Editing and Forwards
Episode 16 of Gimlet Media’s Startup podcast, titled “The Secret Formula” has a really interesting discussion about how Gimlet (and presumably This American Life and other highly-produced podcasts and radio shows) put together their shows.
The process is a lot like film editing, without the visual element of course. The episode basically turns out to be a how-to on how to edit a radio story and it’s comforting to know that it’s not an easy process. They start with a very rough cut, go through it and figure out where it “drifts,” and then making subsequent re-edits to improve the story until it’s working and interesting throughout.
It’s also comforting to know that this is more or less the approach I take when I edit video — whenever I get feedback (or give myself feedback), I look for the places in a script or the video where the action stalls. I really like the term drift though, because it’s more descriptive of the audience’s experience.

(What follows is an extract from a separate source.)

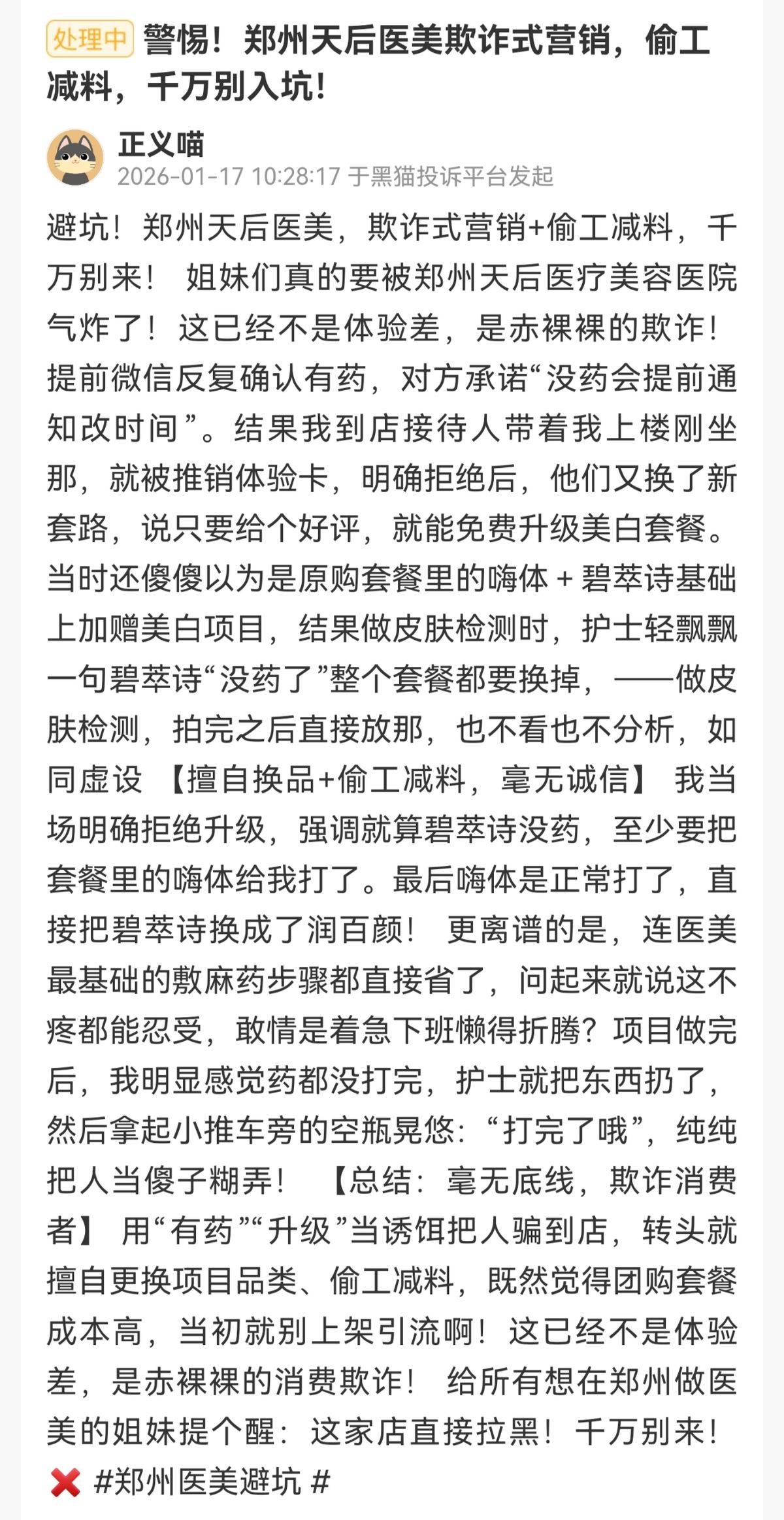 1月17日,一消费者在黑猫投诉平台上投诉称郑州天后医美存在欺诈式营销、偷工减料情况,千万别入坑!

Stalling is about the work, drifting is about the audience.
And they go into one technique that they use to keep people interested and moving forward, especially before a commercial break. They call it a “promote forward.”
The use of the term “forward” struck me because I just read a book called “Backward and Forwards: A Technical Manual for Reading Plays” by David Ball. The book is fascinating on a lot of levels. As a reader, I learned that my understanding of Hamlet as a brooding man of inaction is entirely wrong and that he doesn’t actually contemplate suicide, he only feigns to be depressed and crazy in order to convince Polonius et al. that he is.
I don’t know if there’s a “right” interpretation, but I had never thought of that one.
The book is intended for theater creators, mainly directors, but it also serves as a technical guidebook for play-writing or screenwriting without falling prey to the “paint by numbers” approach of most of the dreck written about screenwriting.
One of the theses of the book is that a good play (or dramatic writing of any form) uses forwards throughout to keep the reader moving. Ball summarizes it:
A forward is any of a myriad of devices, techniques, tricks, maneuvers, manipulations, appetizers, tantalizers, teasers, that make an audience eager for what’s coming up. If you miss a script’s forwards, you miss the playwright’s most distinctive, gripping tool. What stripper does not know that the promise of nudity more excites an audience than does nudity itself?
Effective dramatic writing hinges on the ability to keep the audience wanting to know what happens next. Forwards eliminate drift. Suspense isn’t relegated to certain genres; it’s everywhere.